Monday, April 02, 2007

CEOs like stories

Conventional wisdom tells us that CEOs are bottom-line oriented. If you can't reduce it to numbers for them, it doesn't exist. I disagree with that characterization. I believe that CEOs hunger for non-quantitative information, but typical means of communication are too boring, time-consuming and contextless to provide them much value.

So what works? Stories. (Don't laugh--this is why I didn't post this yesterday, on April Fools' Day.) Stories are brief, detailed, vivid and provide context. Imagine this conversation:

CEO: We had to slam the Heltech merger in. What's the impact been on morale?

Division VP: It's been a bit of a struggle. There have been issues.

CEO: Such as?

Division VP: Well, for instance, there was the customer who got called on by two salespeople, one Heltech and one of our guys, and chewed out our guy for not being coordinated.
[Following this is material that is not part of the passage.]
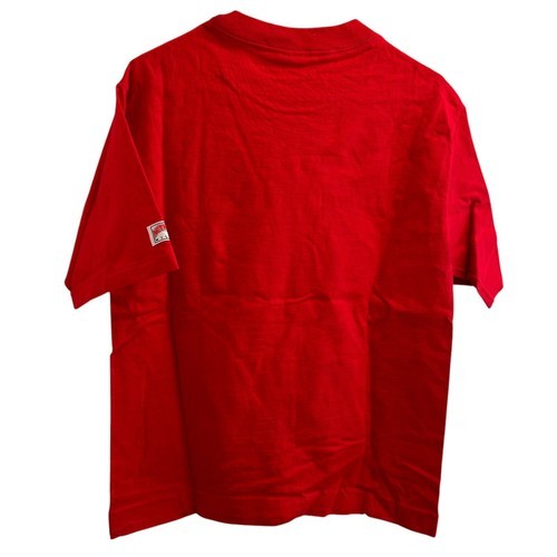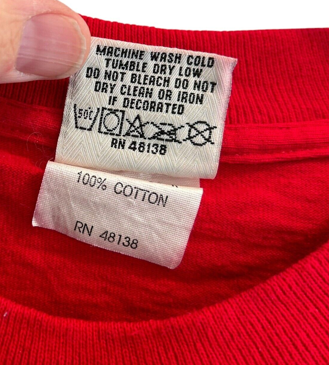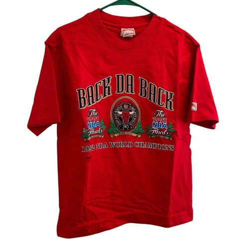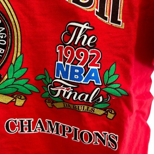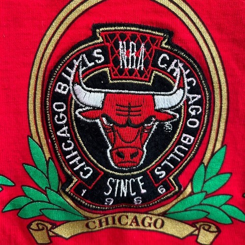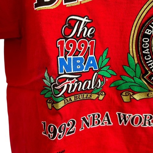 This is a brand new vintage from 1992 embroidered Nutmeg brand t-shirt featuring the Chicago Bulls, the NBA team for which Michael Jordan played. The shirt commemorates the Bulls' back-to-back championships in 1992, with the design showcasing team pride. As an officially licensed product, it is made in the United States and sized as a large for men. The shirt is RED in color and is a great addition for any fan of the Chicago Bulls or basketball in general. This is an amazing find especially because it is brand new from over 33 years ago!

He's our best sales guy, and got really upset by that.

CEO: Anything else?

Division VP: The websites got combined right away, but not the call centers, so a Heltech center started getting calls for our old products, and couldn't help, and there weren't good handoff procedures yet. So I got a bunch of angry customer calls. One said she was going to tell her CIO to start an RFP process to find a replacement. I think I got her calmed down, but we'll see.

CEO: OK, I get it. What do you think we need to do at this point?

Total elapsed time: less than 2 minutes. Information conveyed: terabytes. In these two brief stories, the CEO has gotten the message that they need to quickly fix the remaining integration issues. Think a stack of PowerPoint slides could've done that?